Bounce Notification Hell - 05 Feb 2004

I was inundated with copies of the MyDoom virus after the latest outbreak. Within the first 24 hours of the epidemic, more than 300 copies of the virus were sent to me. A situation like this isn't unusual for me: I have many email addresses, and they reside in a huge number of address books. However, this time I noticed an interesting mix of spoofed email addresses as the reply-to address in the virus-loaded messages. What caught my attention was that a large percentage of the spoofed addresses were those of employees in high-tech companies. That fact makes me think that some of the earliest vectors of infection were people in the industry, which is unusual.

I've been known to launch into diatribes about users who spread email virus infections, but those users aren't my target in this commentary. Regarding MyDoom, I feel obligated to take email antivirus scanner vendors to task. These vendors make the software that sits on your email gateway and detects and blocks infected email. I'm not aggravated with them for their uncharacteristically slow response to MyDoom (although the industry is usually very quick to respond to new major infections, I received announcements about protection from MyDoom finally being available as long as 72 hours after the first reports of the virus), but rather with the fact that these vendors haven't updated the intelligence in their scanner-product notification systems. The following rant doesn't apply to every antivirus gateway vendor; however, it applies to far too many of them.

After a large percentage of antivirus gateway vendors had pushed MyDoom definition files out to their clients, I started receiving almost as many bounce notification messages as I did copies of the actual virus. My favorites were the messages that not only sent me a bounce notification but thoughtfully expanded the attack parameters of the virus writer by including a copy of the virus.

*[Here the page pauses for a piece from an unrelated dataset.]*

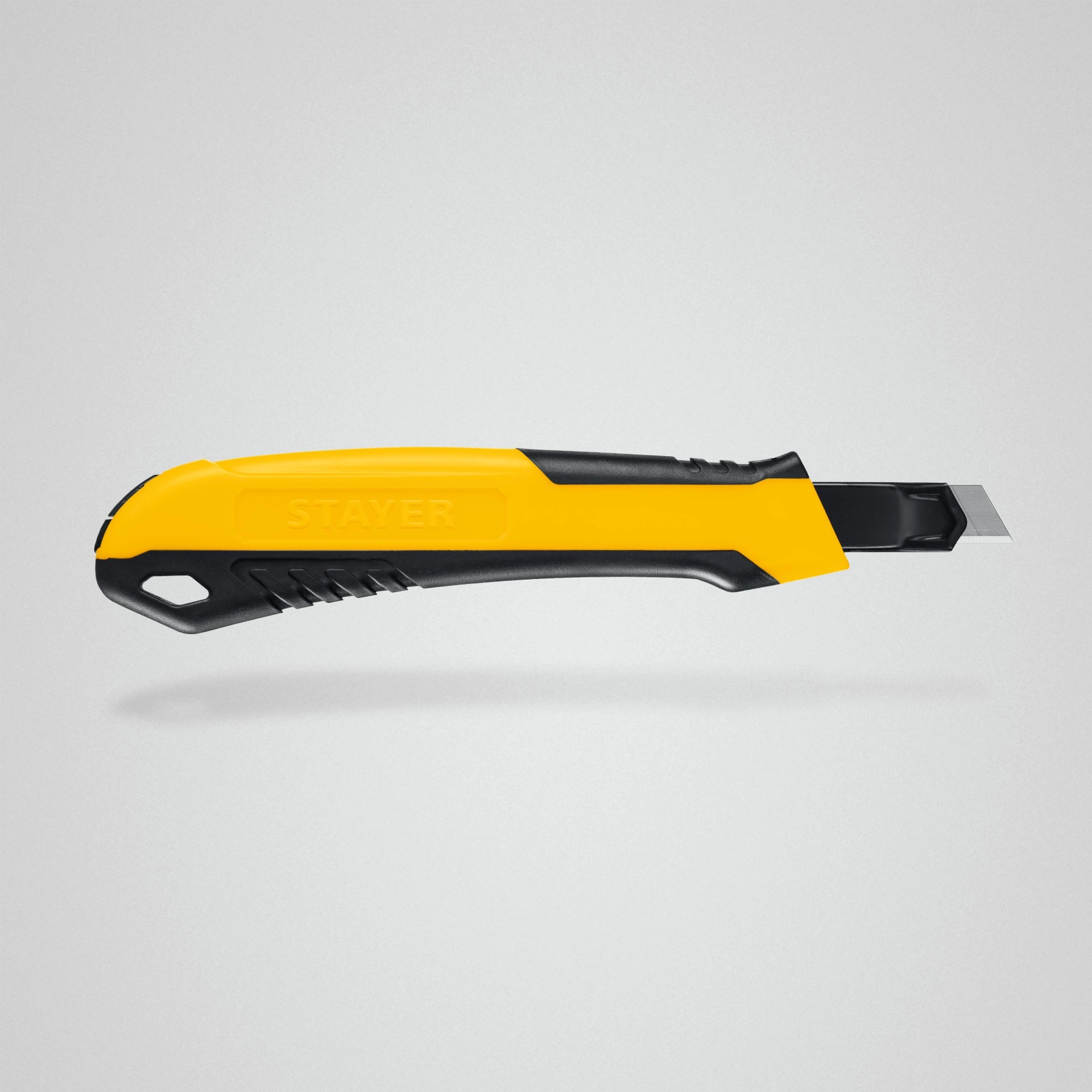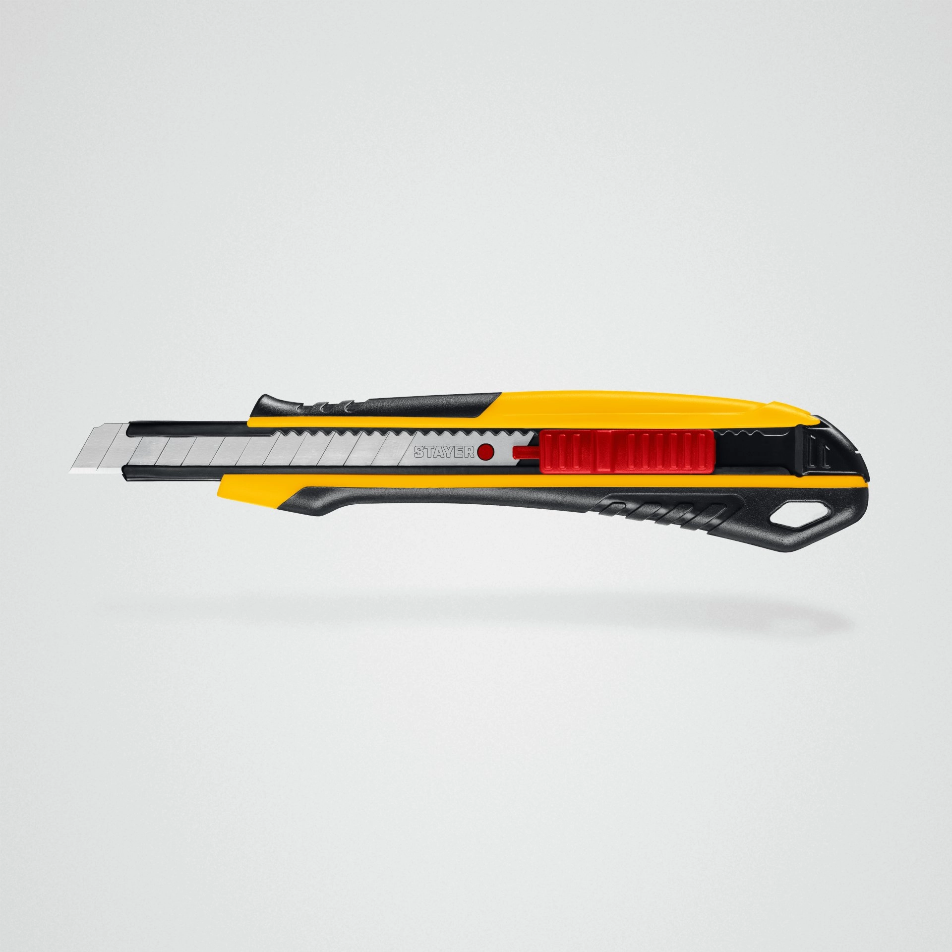 Нож с лезвием STAYER 0903_z01, применяется для эффективного разрезания различных материалов: линолеума, ковровых покрытий, гипсолитовых плит, гипсокартона, кровельных материалов, пластика, дерева.Производитель: Крафтул И/Е Гмбх, Альтер Поствег Штр., Лоенинген, Германия

I don't understand this behavior. The gateway recognizes that an email message has a virus attached. It identifies the virus in question (and in some cases adds that identity information to the bounce notification), then bounces the message back to the address specified in the reply-to field of the message header. That last action is what mystifies me: If you can identify a virus, you know whether the virus is inserting a random address from the infected system's email address book into the reply-to field. So the antivirus software sends a message to an address that it knows, at some level, has been spoofed. Doing so, and also attaching a copy of the original message, merely repeats the attack. Not to mention that bounce notification messages suck up network bandwidth and can easily clog your corporate connection to the Internet while they're filling innocent users' Inboxes with a series of unintentional virus attacks.

I wrote about this problem in the August 7, 2003, Windows Client UPDATE. I solved it by creating a series of spam filters on my systems that deep-six most bounce notification messages. Unfortunately, with MyDoom, so many of the messages (more than 100) slipped past my existing filters that I had to deal with them. Neither I nor any other end user should have to wrestle with this artifact of the days when massive virus outbreaks were rare and you felt you were helping out by letting correspondents know that they'd sent you an infected message. This bounce notification "feature," and I use the term loosely, should always default to disabled in any antivirus gateway and should require multiple obscure steps to enable. If such a configuration were the norm, the email world would be a better place.